Chapter Five #2
“You seem to have an expectation that they’ll always be gratified,” Pel responded, since he’d made his bed, and now he was going to have to lie in it.
“You’re very insolent,” the Prince told him.
“I apologize, Your Highness.”
Apparently, he sounded as apologetic as he felt, because the Prince’s lips tightened. “Is this the sort of staff that King Forex keeps?”
Pel nearly snorted. “You would need to address such a question to the King.”
“Perhaps I will,” the Prince said, staring at him like he was a bug.
“That would make my life a great deal simpler,” Pel muttered.
The Prince’s eyes narrowed. “Are you going out of your way to be rude, or does it come naturally to you?”
“I believe the King would say it comes naturally,” Pel answered truthfully.
“So if I relay this encounter to the King, he would be unsurprised?” the Prince challenged.
“Absolutely,” Pel agreed.
“Have it your way,” the Prince said and turned away.
Pel almost called him back. But he had his pride. He wasn’t going to change his behavior just because the rude man he’d met was the High Prince.
Pel had never been impressed with people who treated their equals and their supposed inferiors differently.
He heard the Prince calling for someone to take care of his horse—called Melody, apparently—and then he was gone.
All things considered, that had gone about as well as Pel’s encounters with any royal went. He still thought the man had been rude, but he supposed that when you were the High Prince, you probably did go around the realms thinking that you owned them.
No, Pel decided firmly, he was glad that he hadn’t known the man was High Prince Torex. He’d been honest, and he hated to think that he might have treated him differently just because he was royal.

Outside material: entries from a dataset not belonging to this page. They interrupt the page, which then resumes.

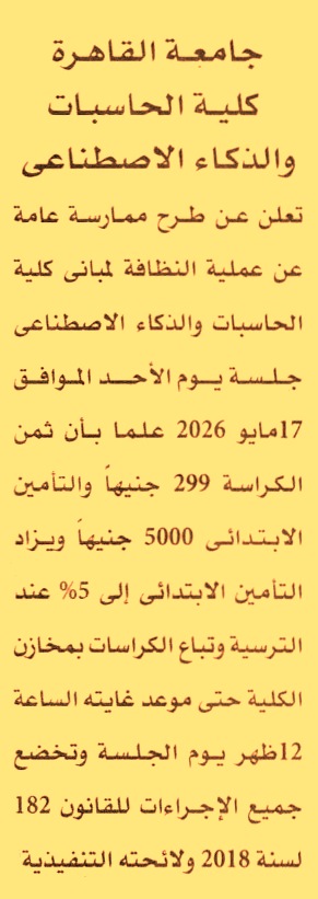 HOT information مناقصة عامة لعملية تنفيذ أعمال النظافة لمباني كلية الحاسبات والذكاء الاصطناعي عن جريدة الأهرام Post navigation الهيئة العامة للتنمية السياحية شركة مصر العامرية للغزل والنسيج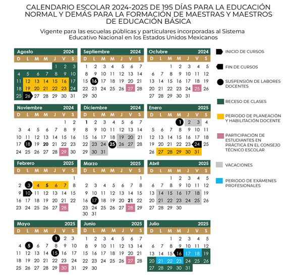 ARTÍCULO SEGUNDO.- Se establece el calendario escolar de ciento noventa y cinco días para el ciclo lectivo 2024-2025, aplicable en toda la República para las escuelas de educación normal y demás para la formación de maestras y maestros de educación básica, públicas y particulares incorporadas al Sistema Educativo Nacional.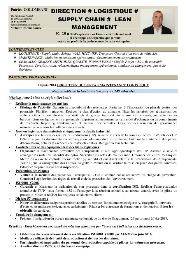 Cv Directeur Logistique Supply Chain Lean Management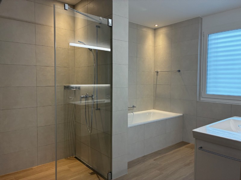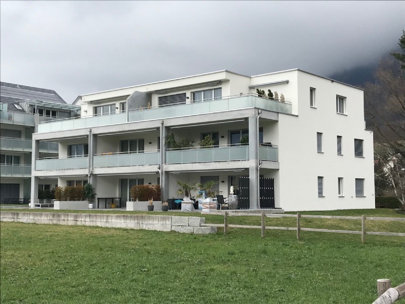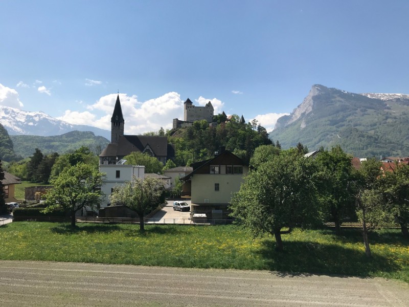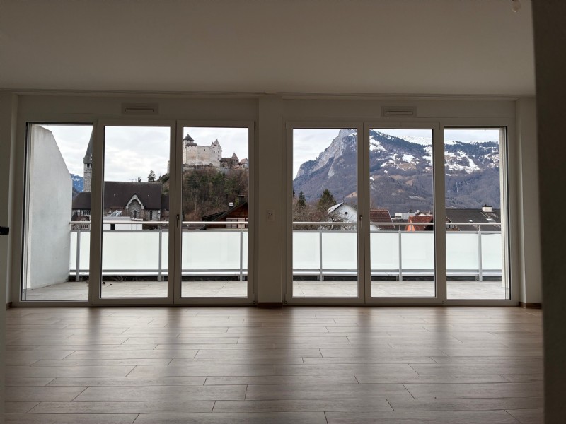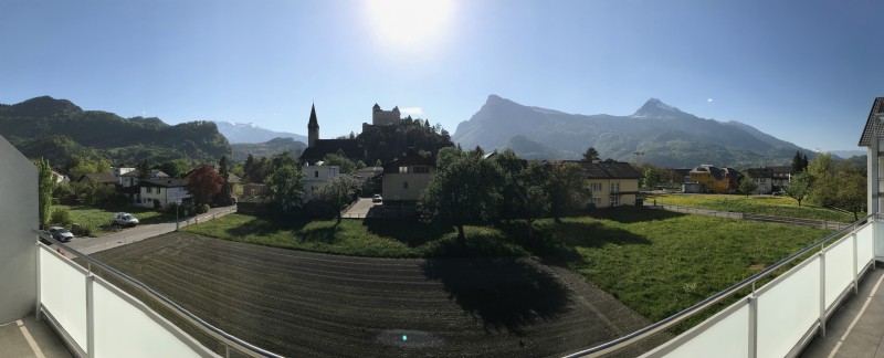 Die grosszügigen Terrassen bzw. Balkone sind alle nach Westen ausgerichtet. Von da aus geniessen Sie den Ausblick auf Burg Gutenberg und die umliegenden Berge.

He finished with Extraordinary’s hooves, told her one more time that she was the best horse ever, and gave her the treats. Extraordinary gobbled them up greedily and then lipped at his hands as though she suspected that Pel had more.
“You already get oats,” Pel reminded her. “It’s your regular meal, you greedy horse. You’re not getting any more.”
Extraordinary blew her lips at Pel, clearly unimpressed, and Pel laughed, gave her a last caress down her silky mane, kissed her soft nose, and left the stall.
He should probably head inside and get cleaned up, since it was altogether likely that they were all going to be summoned very shortly to meet their illustrious guest—but Pel didn’t exactly want to hurry to that gathering.
He went to see Melody instead. He was almost two hands taller than Extraordinary, a dappled gray who looked a bit high-strung to Pel.
Very pretty, though. He was friendly enough, coming to smell Pel, although that might just have been the treats.
Pel slipped him an apple as the stable hands continued their work cleaning him up.
He was all muddy—though Pel supposed he couldn’t really blame the High Prince for riding through rain.
It didn’t look as though Melody had been mistreated in any way, and Pel gave himself a mental shake when he realized he’d been looking for more reasons to dislike the Prince. Obviously, it was much better that Melody was well-treated, and Pel needed to be rational about this.
The arrogance was probably altogether unconscious, although that didn’t make Pel feel a lot better.
Gornexi and Marwila had always seemed fine to Pel.
But Terila was right up there with her behavior, and Pel felt sometimes like he didn’t even recognize Bavil and Larexa anymore.
His father was the epitome of how not to be a good royal, or at least not a fair one.
Pel couldn’t imagine why the High Prince had come. It was clearly not a wedding. They simply weren’t important enough for the High Prince to be the one to deliver that sort of news in person. Could something have happened to the High King? But no, that was what messengers were for.
The only reason that the High Prince would have come personally, and alone, was because the information was so sensitive that it couldn’t be shared with anyone…
but Pel couldn’t imagine what that news could possibly be.
Even then, would he really travel alone?
Pel did, but that was in his own land… and because no one really cared what the unimportant, barely magical middle sibling did here. It wasn’t the norm, and Pel knew it.
Pel didn’t like not knowing what was going on.
Everything was well in hand in the stables, and when Pel realized that he was simply procrastinating unproductively, he made himself head back into the castle.
He was most certainly not allowing any prince to keep him from his home—even if there were days where he would gladly move to the stables if only it would give him the freedom that he craved.
But his father still insisted on Pel’s presence, no matter how much he was annoyed by it.
He seemed to view Pel as a personal failure, even though that wasn’t how magic worked.
Yes, it had been a combination of his mother and father that had made Pel, but they didn’t choose the outcome.
If parents did, the realms would be populated with nothing but Extraordinary people.
Sometimes, Pel wished his father would wash his hands of him entirely. But that day had not yet arrived.
And then a servant came running.
“Prince Pelun! Prince Pelun! You’re to come at once!”
Pel suppressed a sigh with an effort. Clearly, the High Prince had reached Pel’s father.